Impresiona que en un país que se precia de tener una prensa libre, la cobertura en medios estadounidenses sobre el asesinato de Qassem Soleimani sea tan monocorde. Virtualmente todos los analistas aceptan la premisa de que Soleimani merecía ser asesinado, y el debate se restringe a las consecuencias políticas de su muerte. Por esa omisión, me centraré en la premisa de partida.
Sí, Soleimani fue responsable de infinidad de muertes. De hecho, bastantes más (y de mayor gravedad) que aquellas que relievó la prensa estadounidense: la de cientos de sus propios soldados. A fin de cuentas, esos eran militares abatidos en un contexto de guerra. No se puede decir lo mismo de los civiles asesinados en Iraq mientras se manifestaban (entre otras razones) contra la influencia iraní en su gobierno, o aquellos asesinados para mantener en el poder al dictador sirio Bashar Al Assad.
Siendo ese el caso, resulta hipócrita plantear el asesinato de Soleimani como una decisión moralmente lícita, aunque políticamente inconveniente. En primer lugar, porque la política estadounidense hacia Oriente Medio está plagada de alianzas y acuerdos con actores y personajes peores que Soleimani. Mientras le daba muerte, por ejemplo, negociaba con el movimiento Talibán, es decir, con la organización a la que el propio gobierno estadounidense acusó de complicidad en los atentados terroristas de septiembre de 2001. Soleimani, además, fue asesinado en Iraq, país que fue gobernado por una de las peores dictaduras en la historia regional, a la cual los Estados Unidos respaldaron durante su guerra con Irán, pese a que en el transcurso de la misma Saddam Hussein empleó armas químicas contra parte de su propia población (los kurdos).

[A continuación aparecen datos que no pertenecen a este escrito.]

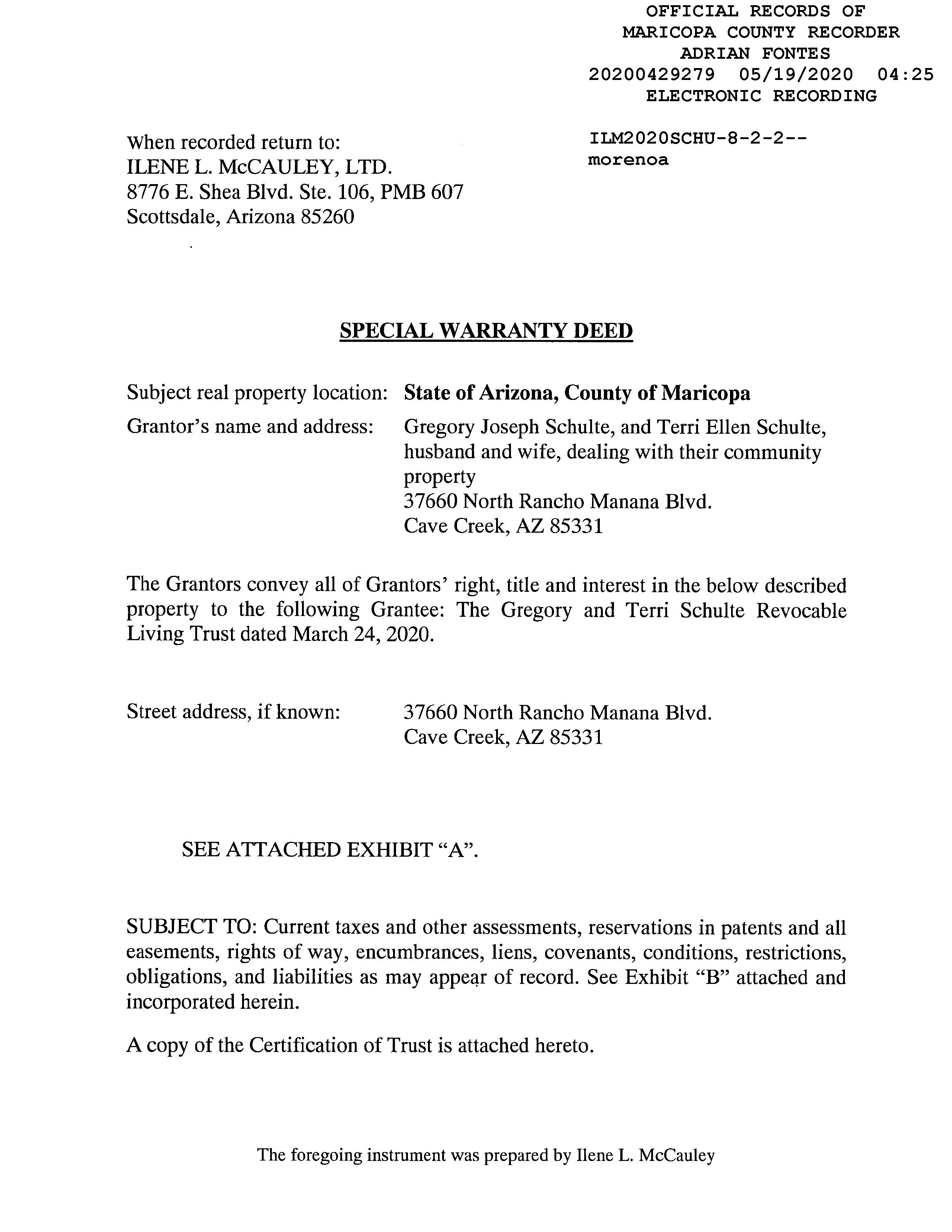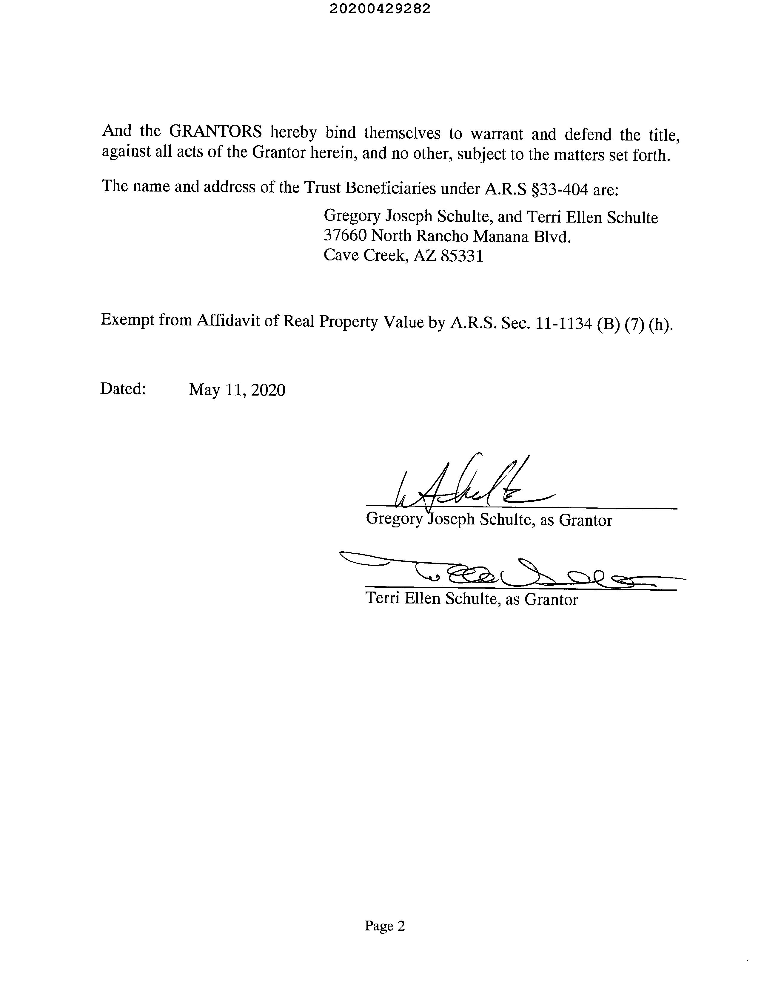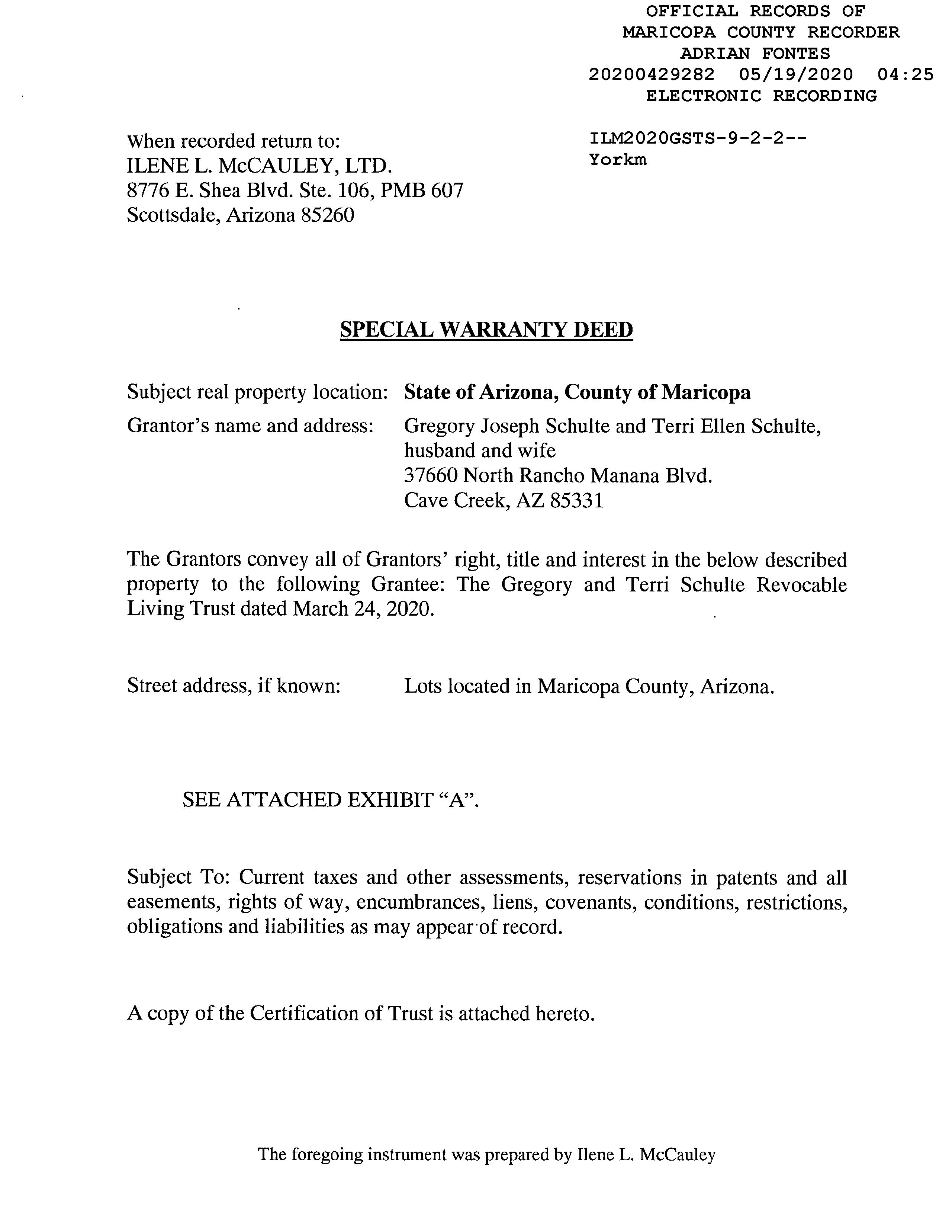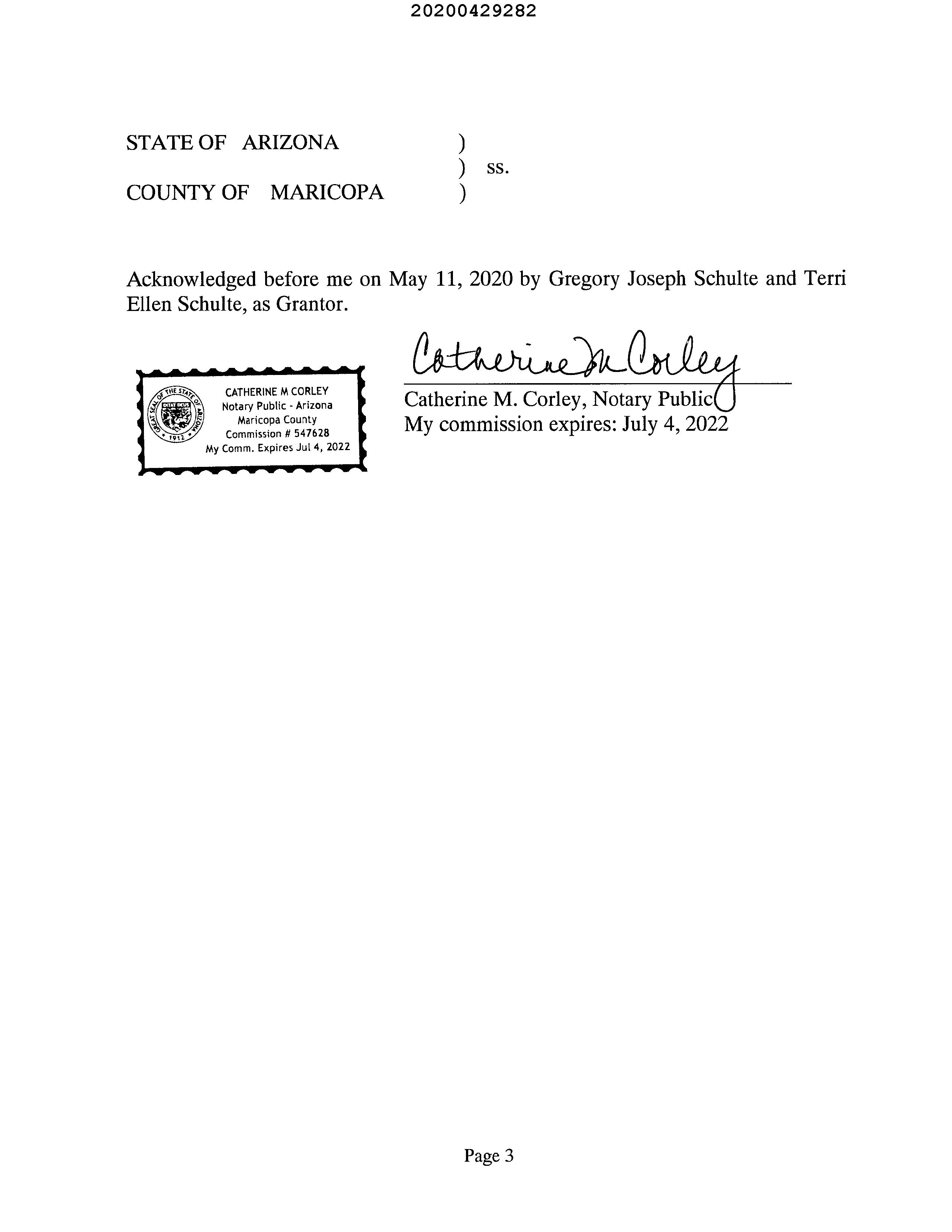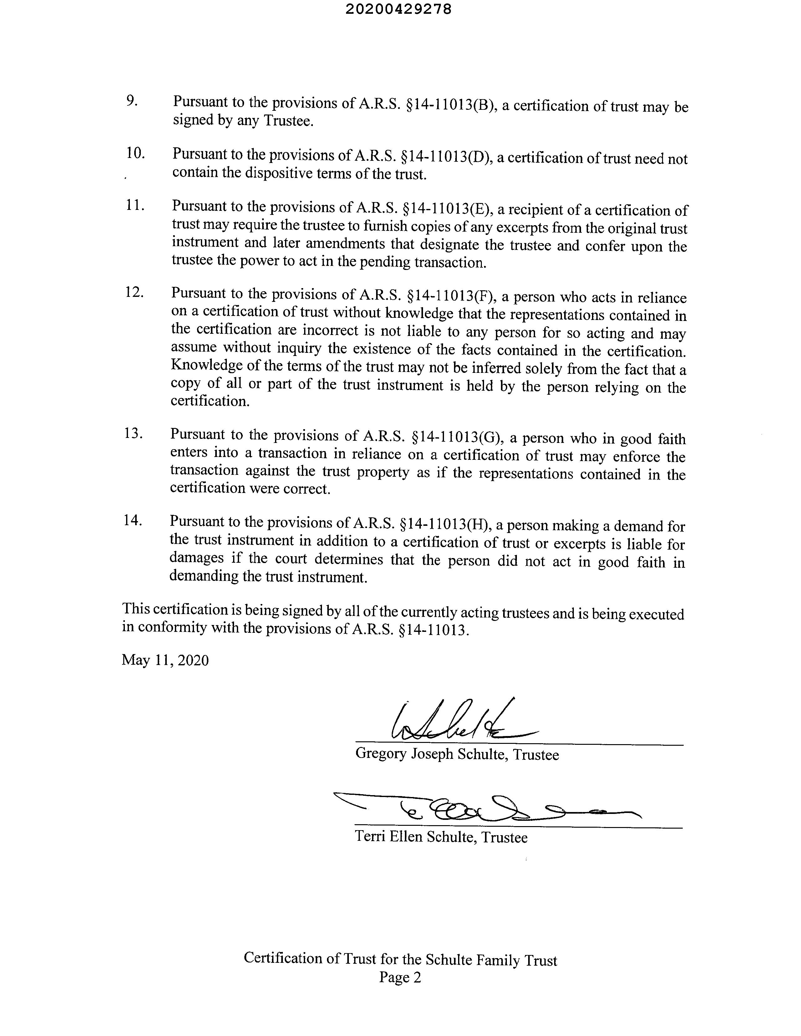 OWNER: GREGORY AND TERRI SCHULTE REVOCABLE LIVING TR 2020 429282 05/19/2020

A esa lista habría que agregar al propio Soleimani y al régimen iraní, quienes, para efectos prácticos, fueron aliados de los Estados Unidos tanto en su confrontación con el régimen Talibán como en su guerra contra el autodenominado Estado Islámico (tanto en Siria como en Iraq). Comprendo las consideraciones de realismo político que sustentan las negociaciones con el Taliban o a la alianza de hecho con el régimen iraní. Lo que me cuesta comprender es la pretensión de que esos hechos jamás ocurrieron, para convertir a quienes en algún momento se consideró aliados o interlocutores válidos en la encarnación de un mal absoluto, con el cual no cabe sino una guerra sin cuartel.

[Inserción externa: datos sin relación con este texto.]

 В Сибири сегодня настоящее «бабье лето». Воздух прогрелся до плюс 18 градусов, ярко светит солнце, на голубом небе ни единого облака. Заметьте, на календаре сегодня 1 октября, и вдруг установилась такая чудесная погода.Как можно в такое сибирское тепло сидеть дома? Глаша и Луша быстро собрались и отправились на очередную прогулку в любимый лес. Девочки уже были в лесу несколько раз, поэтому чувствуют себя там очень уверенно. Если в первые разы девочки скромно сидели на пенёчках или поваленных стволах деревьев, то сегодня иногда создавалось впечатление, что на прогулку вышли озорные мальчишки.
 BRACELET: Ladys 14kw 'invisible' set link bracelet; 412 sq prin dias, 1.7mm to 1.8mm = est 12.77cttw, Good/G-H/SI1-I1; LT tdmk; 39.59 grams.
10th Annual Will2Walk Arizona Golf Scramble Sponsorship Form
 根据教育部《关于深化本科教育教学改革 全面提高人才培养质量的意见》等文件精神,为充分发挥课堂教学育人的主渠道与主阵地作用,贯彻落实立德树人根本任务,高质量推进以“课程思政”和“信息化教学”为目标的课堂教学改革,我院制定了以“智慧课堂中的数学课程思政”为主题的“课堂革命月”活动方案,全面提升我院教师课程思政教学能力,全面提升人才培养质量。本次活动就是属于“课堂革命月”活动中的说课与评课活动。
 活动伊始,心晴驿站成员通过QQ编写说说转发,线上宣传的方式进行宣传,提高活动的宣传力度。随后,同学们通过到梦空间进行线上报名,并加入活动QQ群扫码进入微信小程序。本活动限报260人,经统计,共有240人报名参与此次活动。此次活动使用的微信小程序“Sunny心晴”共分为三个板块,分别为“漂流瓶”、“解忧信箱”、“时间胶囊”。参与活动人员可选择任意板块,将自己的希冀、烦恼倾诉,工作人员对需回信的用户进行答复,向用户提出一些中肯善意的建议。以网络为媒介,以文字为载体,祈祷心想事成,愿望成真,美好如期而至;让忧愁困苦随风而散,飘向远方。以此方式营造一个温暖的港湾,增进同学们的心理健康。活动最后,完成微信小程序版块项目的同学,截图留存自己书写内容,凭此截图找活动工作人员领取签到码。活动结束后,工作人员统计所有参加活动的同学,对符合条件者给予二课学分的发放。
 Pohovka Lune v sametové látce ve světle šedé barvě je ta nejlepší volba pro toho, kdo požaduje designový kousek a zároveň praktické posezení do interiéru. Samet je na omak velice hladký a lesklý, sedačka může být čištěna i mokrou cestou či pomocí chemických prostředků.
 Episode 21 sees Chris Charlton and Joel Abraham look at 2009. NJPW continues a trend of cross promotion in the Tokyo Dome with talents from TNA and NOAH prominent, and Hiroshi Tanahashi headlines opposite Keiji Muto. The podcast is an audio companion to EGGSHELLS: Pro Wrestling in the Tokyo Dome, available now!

Resulta hipócrita plantear el asesinato de Soleimani como una decisión moralmente lícita, aunque políticamente inconveniente. En primer lugar, porque la política estadounidense hacia Oriente Medio está plagada de alianzas y acuerdos con actores y personajes peores que Soleimani.
Me cuesta bastante más comprender las razones por las cuales diversas potencias occidentales continuaron vendiendo a la dictadura de Hussein lo necesario para fabricar armas químicas sabiendo que las había empleado contra civiles inermes. Porque, si de atrocidades se trata, ni los Estados Unidos ni sus aliados regionales pueden alegar inocencia. Por citar los ejemplos más conspicuos, pensemos en la invasión ilegal de Iraq, en 2003 (basada en argumentos que resultaron ser falsos), la ocupación ilegal por más de medio siglo de territorios palestinos por parte de Israel (incluyendo la solicitud de la fiscal de la Corte Penal Internacional, Fatou Bensuda, de investigar los posibles crímenes de guerra que habría cometido en esos territorios), o que, según la ONU, la más grave crisis humanitaria en el mundo fue la ocasionada en Yemen, en parte, por las milicias hutíes (aliadas de Irán) pero, sobre todo, por la coalición liderada por Arabia Saudita (con respaldo de los Estados Unidos y Gran Bretaña).